I can easily see that the percentage of actual thermal bridging is underreported. However I do need some clarification on on how this makes an impact on the resulting energy results.

What worries me is the idea of smearing an equivalent R value across a timber + insulation construction. We are aware that modelling the heat capacity of the timber in the wall is important. Smearing that across the wall concerns me immensely. I would love to be able to model temperatures on the inside of these structural components compared to the adjacent insulated parts of the wall.

“Smearing” here refers to the area-weighted average of the wall R-value right? Is the concern that the specific heat capacity \left( \frac{J}{kg \cdot K}\right) of the timber isn’t also updated when updating the R-Value? Or is the concern the averaging operation itself? Or is the concern the aveaging out of the interior temperatures? Or all three?

I have seen BEM practices where patches of the higher-U-value thermal bridge component is modeled as a separate construction within the wall, like you’ve done. I had always assumed it would be roughly equivalent to an area-weighted approach since the R-value of the wall already has a small impact on overall EUI, but I could be wrong.

that if you operated the windows and heating and cooling of a house in the manner that we do typically in New Zealand then a wall with lower R value because of a greater than expected proportion of timber (40% instead of 20%) actually performed better! Actual performance contradicting the expected performance based on the simplistic physics of a Heat Loss calculation.

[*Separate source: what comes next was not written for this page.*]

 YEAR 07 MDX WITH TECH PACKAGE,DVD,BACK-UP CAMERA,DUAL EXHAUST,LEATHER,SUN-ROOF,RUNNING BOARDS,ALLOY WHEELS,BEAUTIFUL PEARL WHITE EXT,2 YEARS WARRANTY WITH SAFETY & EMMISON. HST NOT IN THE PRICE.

Was the simulation was performed with a higher (false) R-value, or was it corrected to account for the 40% timber framing (thus reducing it’s lower R-value? I’m trying to figure out if the critique here is about the inaccurate allocation of timber or inaccurate area-weighting method.

Kia ora

So the “smearing” that I was referring to is more accurately the area weighting of the heat loss converted into an equivalent R-value as you correctly point out.

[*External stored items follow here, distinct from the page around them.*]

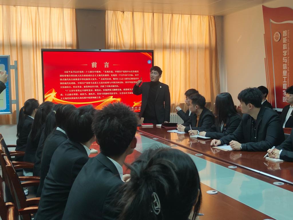 为深刻领会习近平新时代中国特色社会主义思想精神要义,2023年12月4日中午,学院党总支书记兼行政副院长王林在院党员活动室讲授了题为“新时代青年以青春助力中国式现代化”的主题党课,我院本学期党员发展对象全体成员参加了本次党课学习。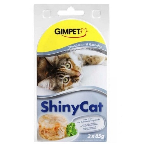Dve konzervičky superprémiového krmiva pre mačky Shiny Cat. Receptúru s kúskami tuniaka a krevetami si zamiluje aj ten najmaškrtnejší mačací jazýček. Bez umelých prísad a konzervačných látok. Obsahuje tie najdôležiťejšie vitamíny, minerálne látky, tuky a aminokyseliny.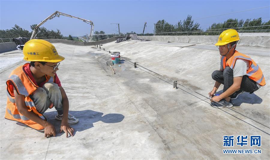 8月10日,工人在京雄城際鐵路霸州北站建設(shè)工地進(jìn)行屋面坡層校核。京雄城際鐵路霸州北站站臺雨棚混凝土結(jié)構(gòu)施工日前全部完成,目前霸州北站已全面轉(zhuǎn)入裝飾裝修和機電安裝階段,預(yù)計2020年底投入使用。京雄城際鐵路是連接北京市區(qū)、大興機場和雄安新區(qū)的重要干線。建成后,將進(jìn)一步完善京津冀區(qū)域高速鐵路網(wǎng)結(jié)構(gòu),便利沿線群眾出行,對于推動京津冀協(xié)同發(fā)展和支撐建設(shè)雄安新區(qū)具有重要意義。新華社記者李曉果攝。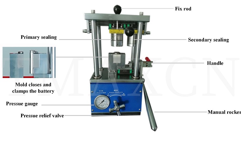 TMAX-PNES-50 es una crimpadora compacta accionada por cilindro para sellar todo tipo de cajas de cilindros en laboratorios de investigación y desarrollo de baterías. El molde de configuración estándar se puede utilizar para sellar baterías cilíndricas 18650 .

When i modelled the differing amounts of timber in the walls using energy plus, and openable windows for much if not most of the cooling, then what I found was that the overall energy use for heating (!) was less for the building with 40% instead of 20% timber in the walls. Simple building physics heat loss would suggest that the building with lower R-value walls (40% timer) should perform worse than the building with 20% timber in the walls. Across the range of real buildings we were modelling this was consistently not true - the building with worse R values performed better. We concluded that the operation of the natural ventilation (openable windows) AND the real areas of glass facing non-optimal directions were far more important for the overall performance of the 9 buildings we looked at.

@MichaelDonn

Very interesting… so you modeled two options with a higher and lower R-value, and the building with the lower R-value had less heating! Were you able to identify what was the cause of this, i.e. use a thermal energy balance to spot what changed between the two runs? Also, was it only heating that reduced, I would expect the cooling to reduce before the heating.

This kind of seems consistent with what I would expect in a very mild climate where active conditioning isn’t used much. Specifically, it reminds me of the building typology you see in the tropical countries with no mechanical conditioning: low-R, high-mass buildings. (which, is directionally similar to the envelope you’re creating if you swap insulation for heavy timber).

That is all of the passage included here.